How many tokens does an agentic workflow actually consume?

A standard chat interaction uses roughly 500 to 2,000 tokens. An agentic workflow completing a multi-step task through planning, tool calls, iteration, and self-checking can consume 25,000 to 60,000 tokens. A 10-cycle reasoning loop consumes approximately 50 times the tokens of single-pass inference. Processing 128,000 tokens costs roughly 64 times more than 8,000 tokens due to attention matrix complexity.

What did GitHub do when agentic AI broke its pricing model?

GitHub paused new sign-ups for Copilot Pro and Pro+ on April 20, 2026, after agentic workloads overwhelmed the unit economics of its $10/month plan. The company's own blog stated: "it's now common for a handful of requests to incur costs that exceed the plan price." GitHub moved to usage-based billing (AI Credits) starting June 1, 2026.

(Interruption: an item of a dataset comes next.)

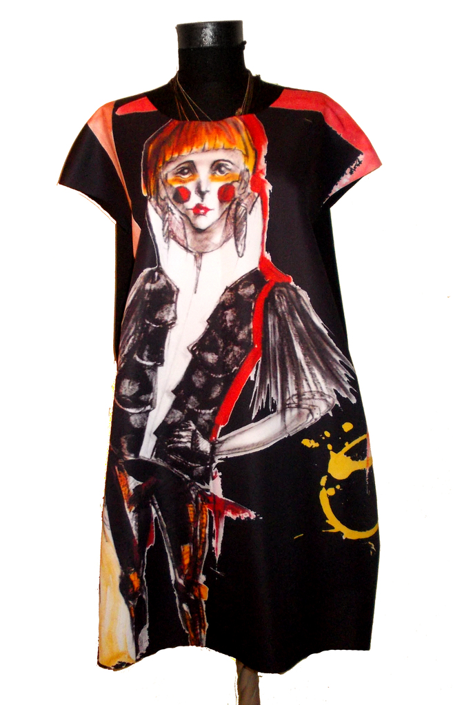 Handcrafted short dress/tunic with original art digitally printed on it. Material : back - cotton jersey fabric, printed front - polyester, non-stretchable,imitates denim, 240 g/m2. This item can be ordered with 3/4 or long sleeves, if you want sleeves to be added , please specify in the field "another"
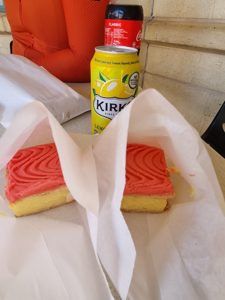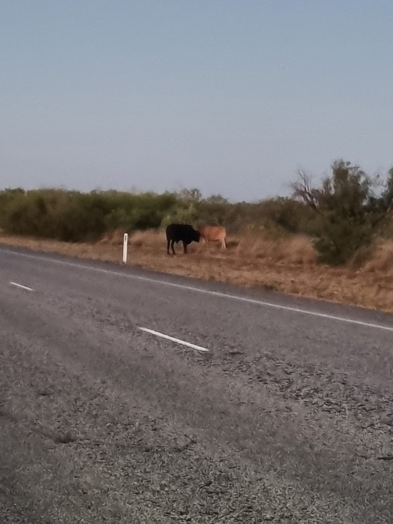 Breakfast at the rest area consisted of cold brew coffee (a coffee bag, steeped in cold water overnight), muesli, half a banana and half a 200mL UHT milk. We set off in the pre-dawn twilight, before any of the caravaners at the rest area had stirred. This meant a head start on the heat, traffic, and the many kilometres we had to travel today.

Does running AI locally actually solve the token cost problem?

For high-volume repetitive tasks, yes. A quantized model running on hardware you own costs zero dollars per token after the hardware purchase. The constraint becomes VRAM and inference speed rather than billing. This works best for workloads you run repeatedly: code completion, summarization, classification, internal document search. Complex one-off reasoning tasks can stay in the cloud where frontier model quality matters.